A limited liability company’s operating agreement or company agreement is similar to a corporation’s shareholder agreement, and provides for the management of the LLC, and the rights and duties of the owners of the LLC (members) and the managers of the LLC, if any.
Specifically, the LLC operating agreement should address the company’s finances, capital contributions, percentages of ownership, voting rights, meetings, notices, buyouts, distribution of profits and losses, officers, and other matters. Limited liability companies generally may be managed by the members or by appointed or elected managers.
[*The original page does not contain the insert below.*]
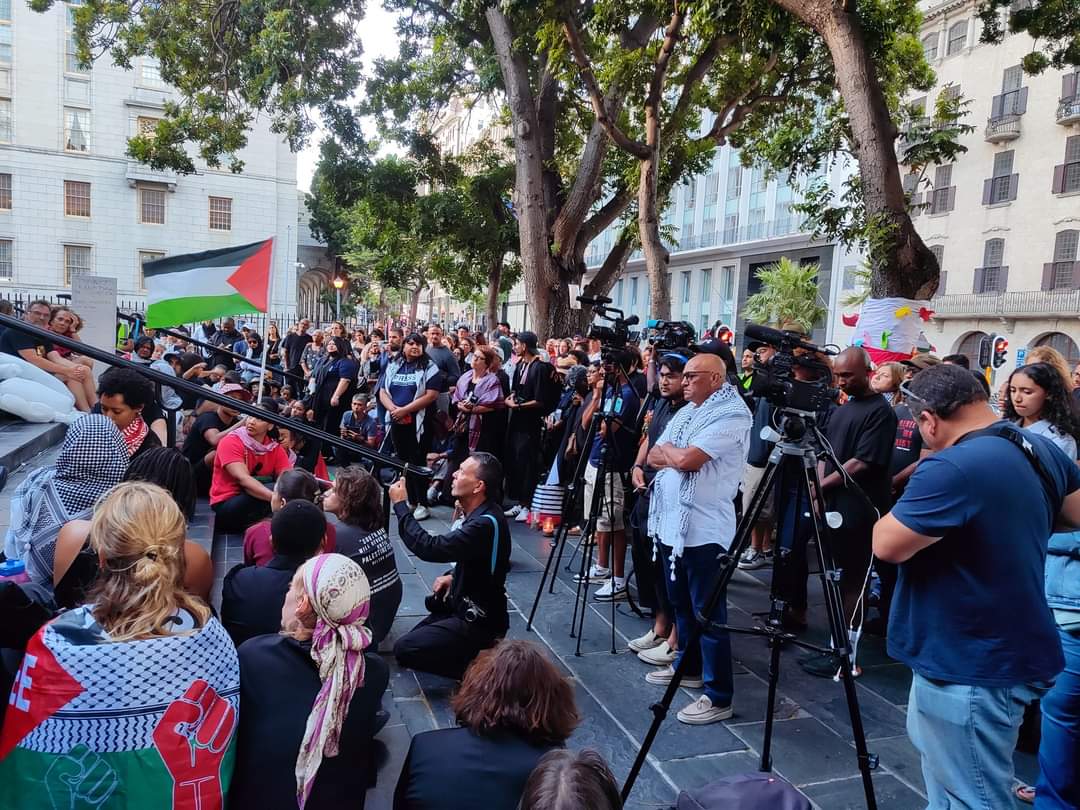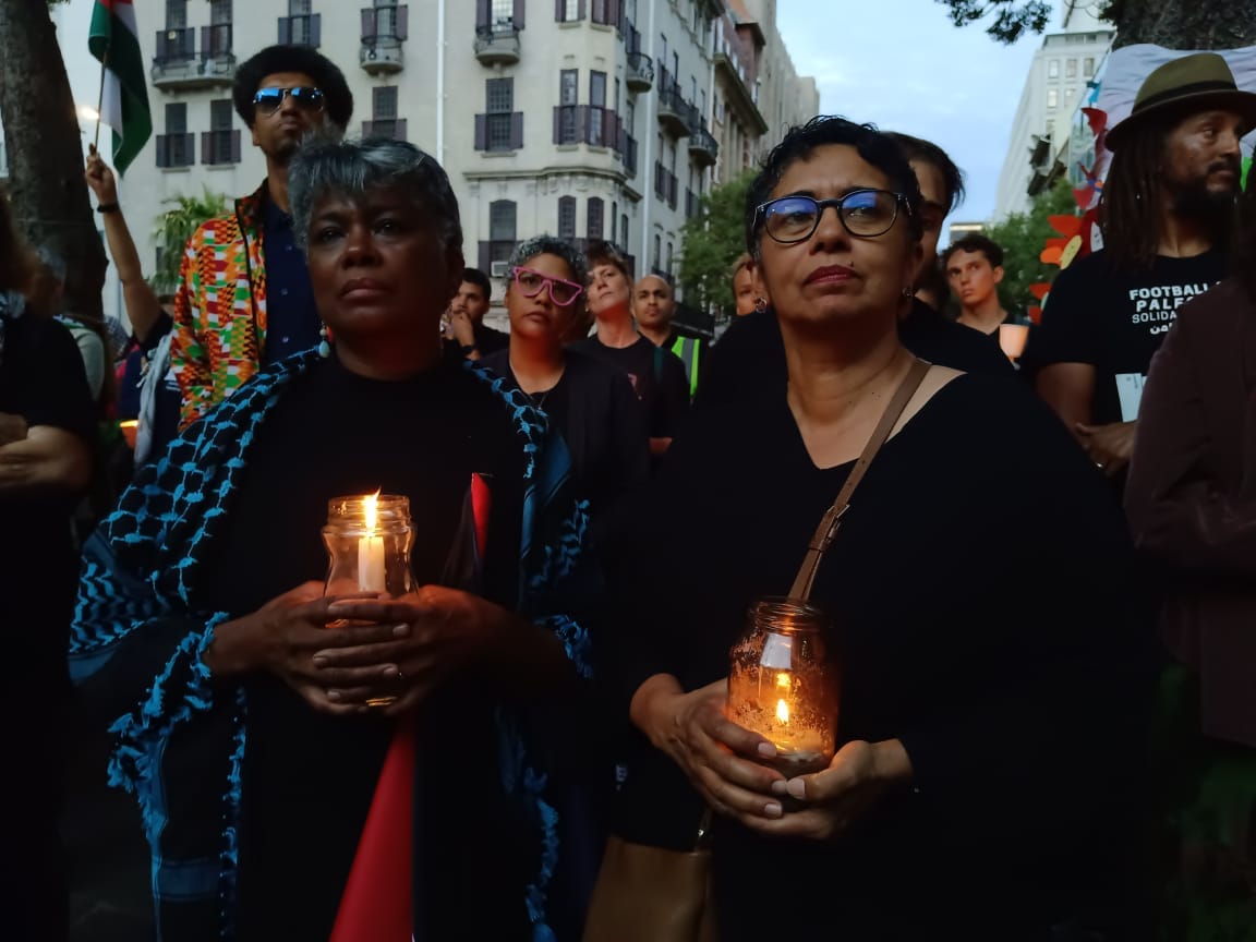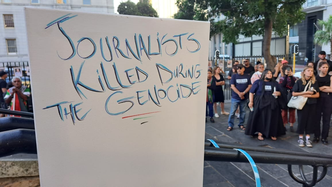 Voice notes of Palestinian journalists from Gaza were played at the vigil, in addition to speeches from anti-apartheid activists and veteran journalists.

In Alaska, a limited liability company (LLC) is governed by the Alaska Statutes, specifically under Title 10, Chapter 50. An LLC's operating agreement is a key document that outlines the internal operations and management of the company. While not required by state law, it is highly recommended as it provides structure and clarity for the LLC's functioning. The operating agreement should detail the financial contributions of the members, their ownership percentages, voting rights, and procedures for meetings and notices. It should also cover how profits and losses will be distributed, the process for member buyouts, and the roles of any officers or managers. In Alaska, LLCs can be member-managed or manager-managed, and the operating agreement should clearly state the management structure chosen. Without an operating agreement, the LLC will be governed by default provisions in state law, which may not align with the members' intentions.